INSTRUCTIONS TO FOLLOW
Using the records below, reproduce exactly the lines from the one containing "2、往下拖动,可以看到热门素材和视频内容。" through the end, and nothing more; skip the images.
**** DATA UNDER STUDY ****
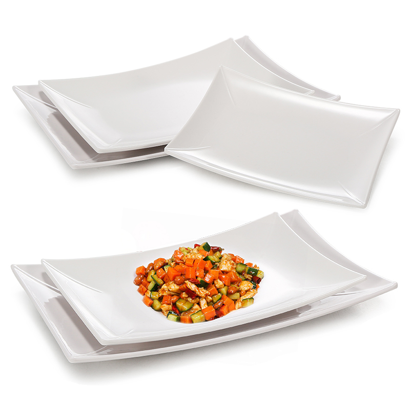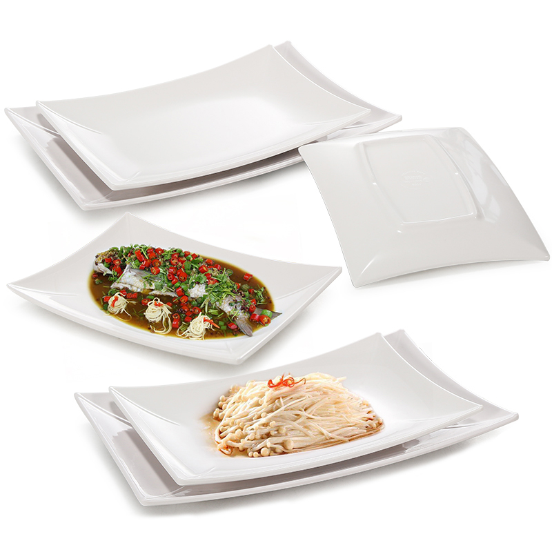 A5 mix-amine white rectangular plate creative warping Angle plate mix-amine imitation porcelain stir-fry plate Japanese sushi plate placed dish dish stir-fry
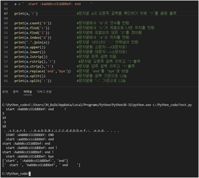 그리고 [‘a’, ‘b’ , ’c’]의 형태는 리스트(배열)를 나타내는 것으로 다음 시간에 알아보도록 하겠습니다.
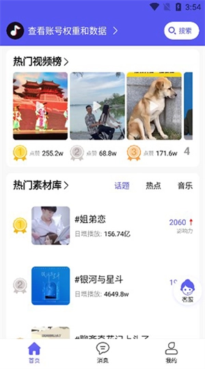 2、往下拖动,可以看到热门素材和视频内容。
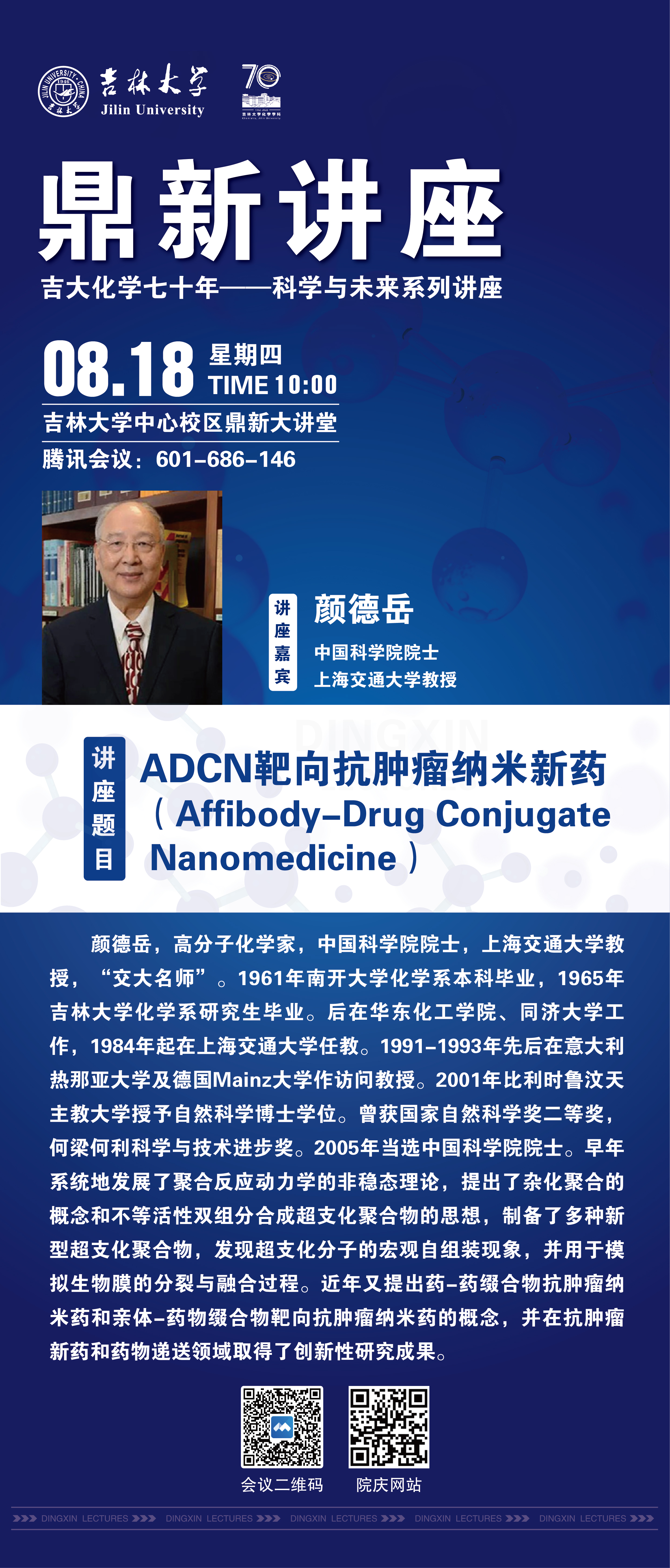 吉大化学70年院庆系列活动——科学与未来系列讲座:ADCN靶向抗肿瘤纳米新药(Affibody-Drug Conjugate Nanomedicine)
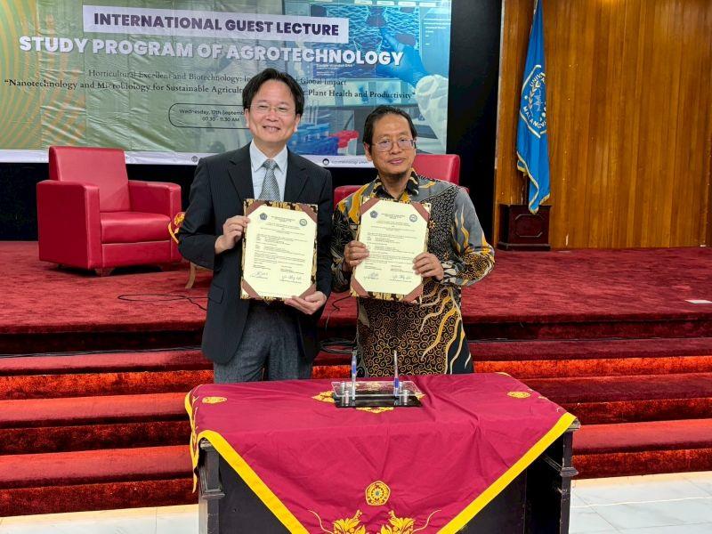 9月17日上午穆罕默德迪亞大學舉辦國際學者專題演講,由農生系何一正主任及周蘭嗣副教授擔任主講,以”Horticultural Excellent and Biotechnology: Innovations and Global Impact”主題,分別提出”Nanotechnology and Microbiology for Sustainable Agriculture: Synergies for Plant Health and Productivity”之2堂精彩的國際課程。何一正主任以「奈米技術在農業上的應用」為題,深入探討如何藉由奈米科技提升農業產能、促進永續發展。周蘭嗣副教授則分享「微生物快速檢驗的原理與應用,強調微生物檢測在病害防治及作物健康管理上的價值。現場農業與動物科學院師生反應熱烈,對演講內容與研究展現高度興趣。演講結束後,何一正主任與UMM Agrotechnology系Dr. Ir. Agus Zainudin, MP.共同簽署授課合作協議,為日後共同開課、師資交流與研究合作奠定穩固基礎。農生系5位碩士生則參與由Dr. Ir. Wahono, MT.主持的課程體驗,獲得國際課程參與證書,實地感受印尼校園的學習氛圍與文化差異。
****
EXERCISE RESULT
 2、往下拖动,可以看到热门素材和视频内容。
 吉大化学70年院庆系列活动——科学与未来系列讲座:ADCN靶向抗肿瘤纳米新药(Affibody-Drug Conjugate Nanomedicine)
 9月17日上午穆罕默德迪亞大學舉辦國際學者專題演講,由農生系何一正主任及周蘭嗣副教授擔任主講,以”Horticultural Excellent and Biotechnology: Innovations and Global Impact”主題,分別提出”Nanotechnology and Microbiology for Sustainable Agriculture: Synergies for Plant Health and Productivity”之2堂精彩的國際課程。何一正主任以「奈米技術在農業上的應用」為題,深入探討如何藉由奈米科技提升農業產能、促進永續發展。周蘭嗣副教授則分享「微生物快速檢驗的原理與應用,強調微生物檢測在病害防治及作物健康管理上的價值。現場農業與動物科學院師生反應熱烈,對演講內容與研究展現高度興趣。演講結束後,何一正主任與UMM Agrotechnology系Dr. Ir. Agus Zainudin, MP.共同簽署授課合作協議,為日後共同開課、師資交流與研究合作奠定穩固基礎。農生系5位碩士生則參與由Dr. Ir. Wahono, MT.主持的課程體驗,獲得國際課程參與證書,實地感受印尼校園的學習氛圍與文化差異。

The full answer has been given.